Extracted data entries
======

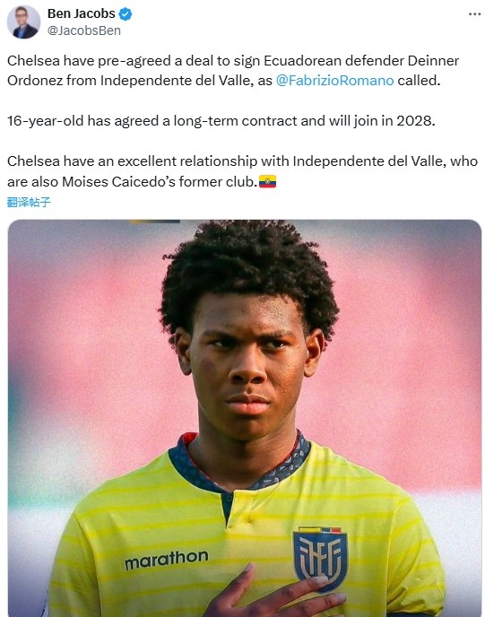 11月15日讯 据记者Ben Jacobs报谈,切尔西预签厄瓜多尔16岁天才后卫奥多涅斯(Deinner Ordonez)杀青公约,这名小将照旧获取一份长久合同,他将于2028年1月崇敬加盟。
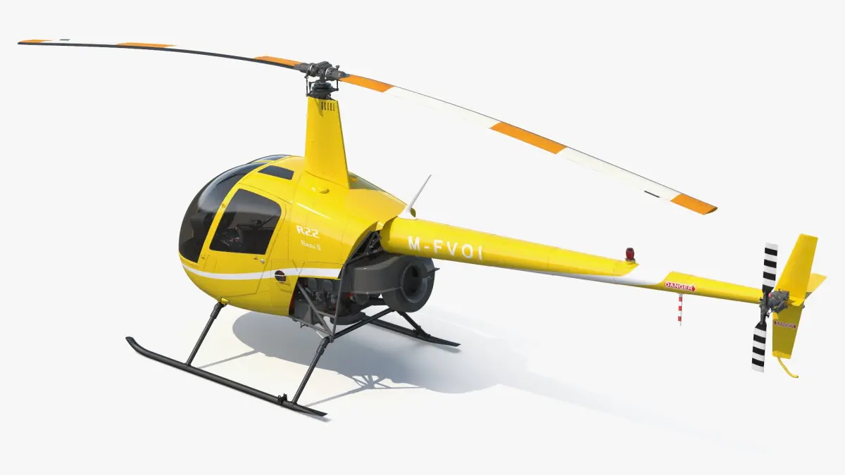 Robinson R22 Light Helicopter Yellow is a 3d model of a small helicopter, showcasing a lightweight, efficient rotorcraft design commonly used for training and private flying.
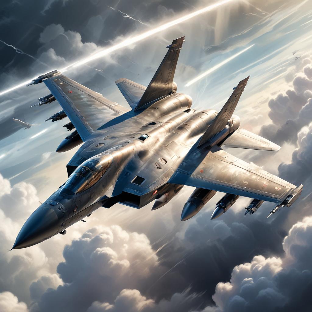 A silver fighter jet with missiles attached is flying high in the sky. The jet is surrounded by puffy white clouds.
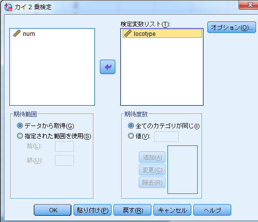 - 「ケースの重み付け」に検定したい度数を設定して[OK]
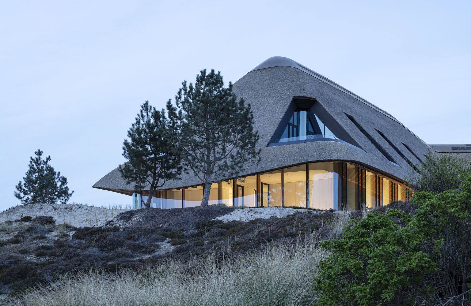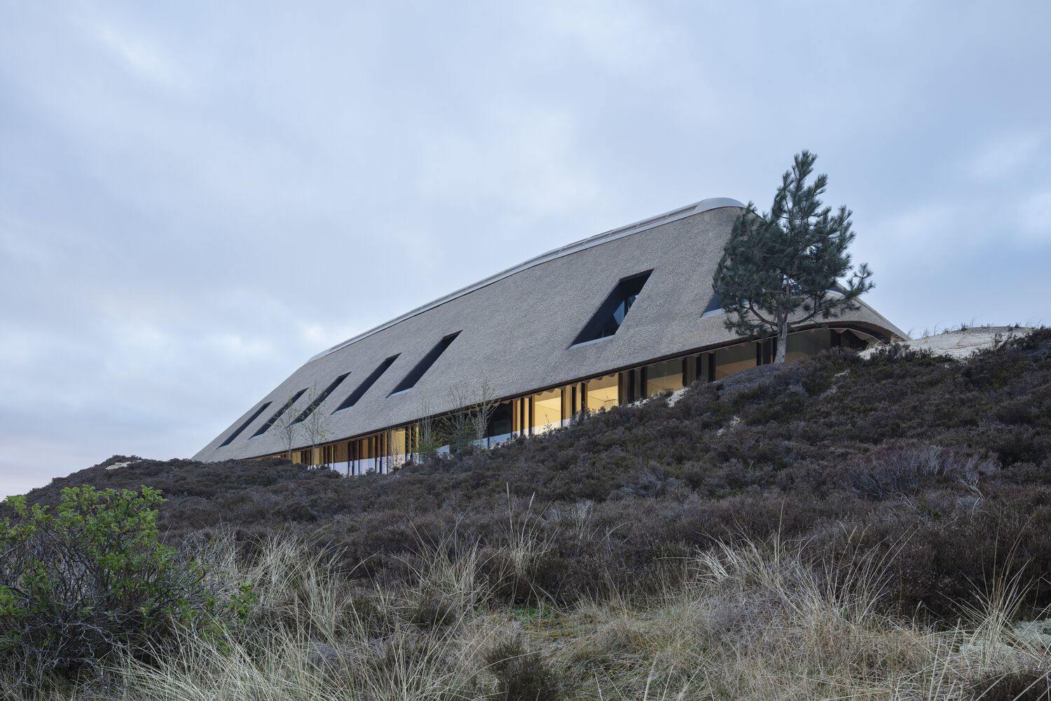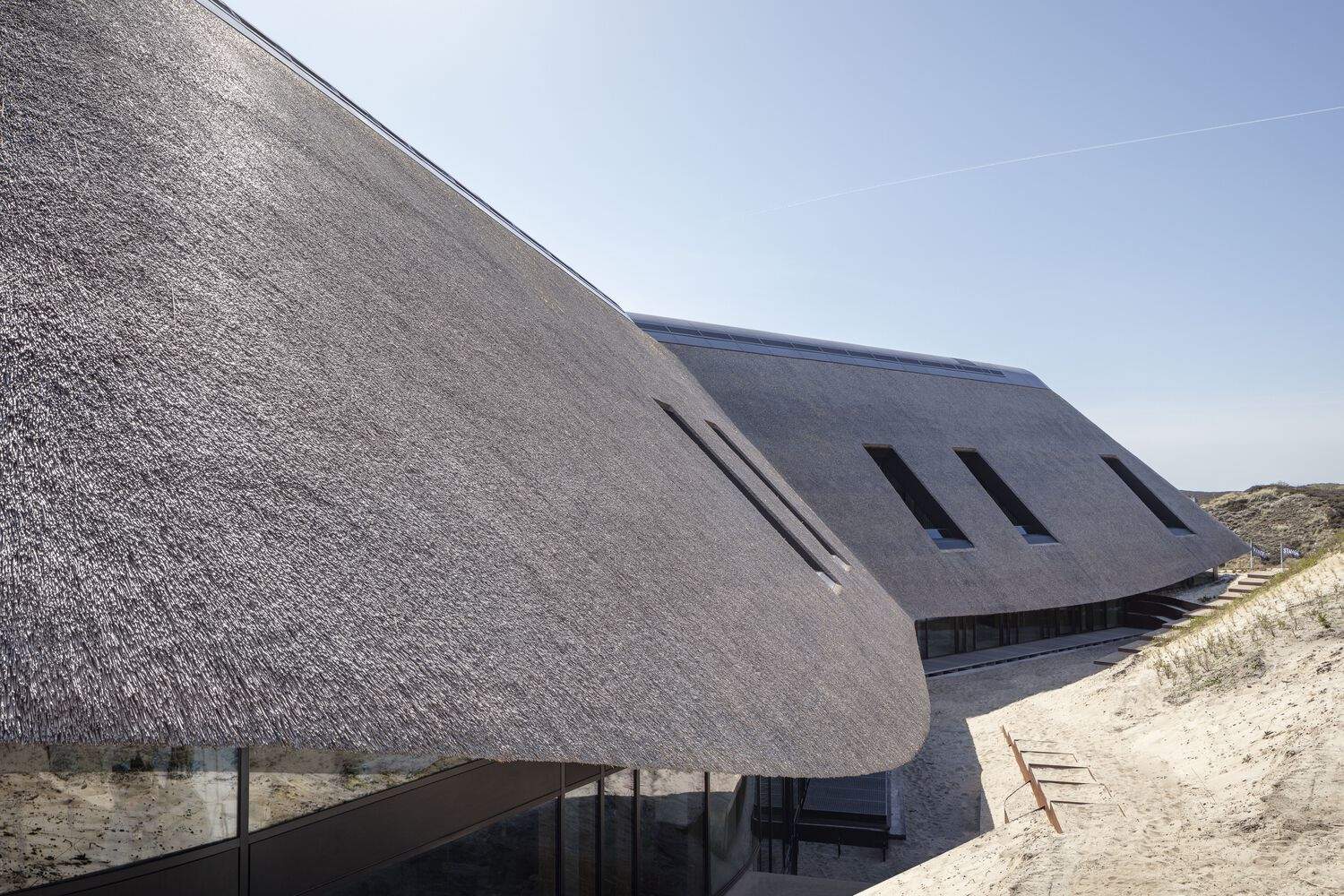 茅草屋顶的诗意:项目最引人注目的特征是其欧洲最大的茅草屋顶,面积达到7100平方米。这个巨大的屋顶不仅在视觉上给人以深刻的印象,更是对当地传统建筑风格的现代演绎。建筑师巧妙地将屋顶设计成低坡度,与周围的沙丘形态相呼应,使其仿佛是沙丘的延伸。屋顶的造型在远处看就像海浪一样,与周围环境和谐统一。这种设计语言既是对当地文化传统的尊重,也赋予了建筑独特的诗意和美学价值。茅草屋顶的应用也体现了对当地材料和工艺的尊重,同时也提供了良好的保温性能。
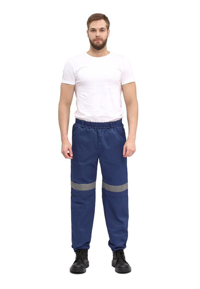- Брюки: прямые, с притачным поясом и боковыми карманами.
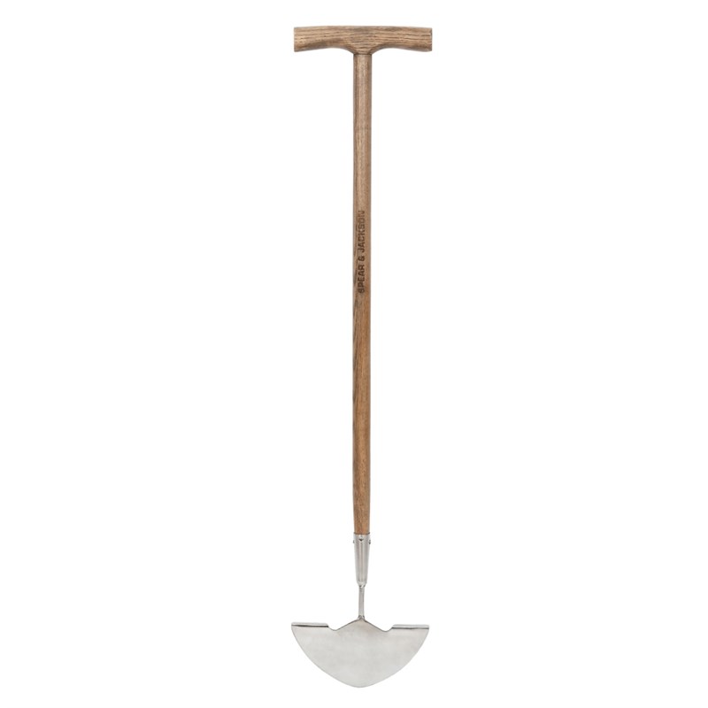 The Spear & Jackson 4811EK Traditional Stainless Edging Knife is a classic garden tool crafted for precise lawn edging and a clean, professional finish. It highlights a mirror-polished stainless steel head for rust resistance and easy cleaning, a weatherproofed hardwood shaft for durability, and a treaded blade that enhances comfort and control during use.
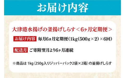 大津港水揚げの釜揚げしらす<6ヶ月定期便><毎月> 1kg×6回【海鮮 魚介類 しらす シラス ご飯のお供 たっぷり お手頃 個包装】(AS112)
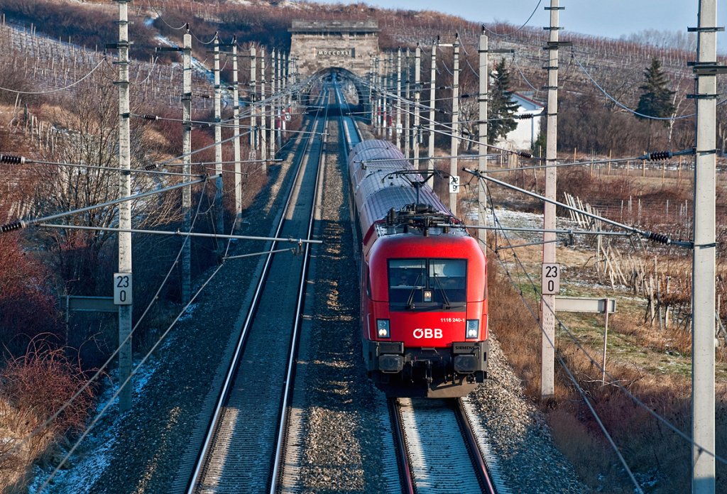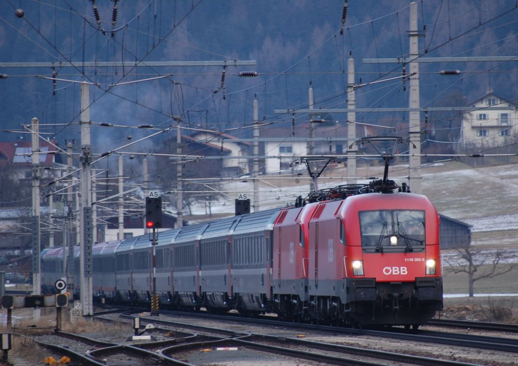 Nur noch bis zum Sommer gibts es ihn, den Transalpin. Am 4.1.2010 war der EC 162 mit 1116 262-5 und einer Schwestermaschine bei Schönwies auf dem Weg zum nächsten Halt, Landeck-Zams. Zu beachten ist der am Zugschluss fahrplanmäßig mitgeführte Panoramawagen.
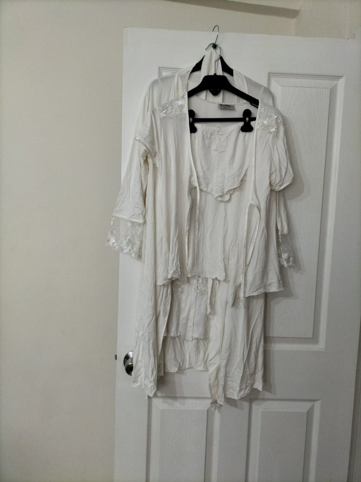 Uzun kollu, bol kesim beyaz sabahlık, bohem Paris tarzını yansıtan zarif dantel detaylara sahip. Rahat ve şık bir tercih. sadece geceliği giyinildi

======

- [Task details]: The line with "- Брюки: прямые, с" marks the end: restate word for word every line from the top of the data through that one, omitting pictures.

- [Result of this exercise]:
 11月15日讯 据记者Ben Jacobs报谈,切尔西预签厄瓜多尔16岁天才后卫奥多涅斯(Deinner Ordonez)杀青公约,这名小将照旧获取一份长久合同,他将于2028年1月崇敬加盟。
 Robinson R22 Light Helicopter Yellow is a 3d model of a small helicopter, showcasing a lightweight, efficient rotorcraft design commonly used for training and private flying.
 A silver fighter jet with missiles attached is flying high in the sky. The jet is surrounded by puffy white clouds.
 - 「ケースの重み付け」に検定したい度数を設定して[OK]
 茅草屋顶的诗意:项目最引人注目的特征是其欧洲最大的茅草屋顶,面积达到7100平方米。这个巨大的屋顶不仅在视觉上给人以深刻的印象,更是对当地传统建筑风格的现代演绎。建筑师巧妙地将屋顶设计成低坡度,与周围的沙丘形态相呼应,使其仿佛是沙丘的延伸。屋顶的造型在远处看就像海浪一样,与周围环境和谐统一。这种设计语言既是对当地文化传统的尊重,也赋予了建筑独特的诗意和美学价值。茅草屋顶的应用也体现了对当地材料和工艺的尊重,同时也提供了良好的保温性能。
- Брюки: прямые, с притачным поясом и боковыми карманами.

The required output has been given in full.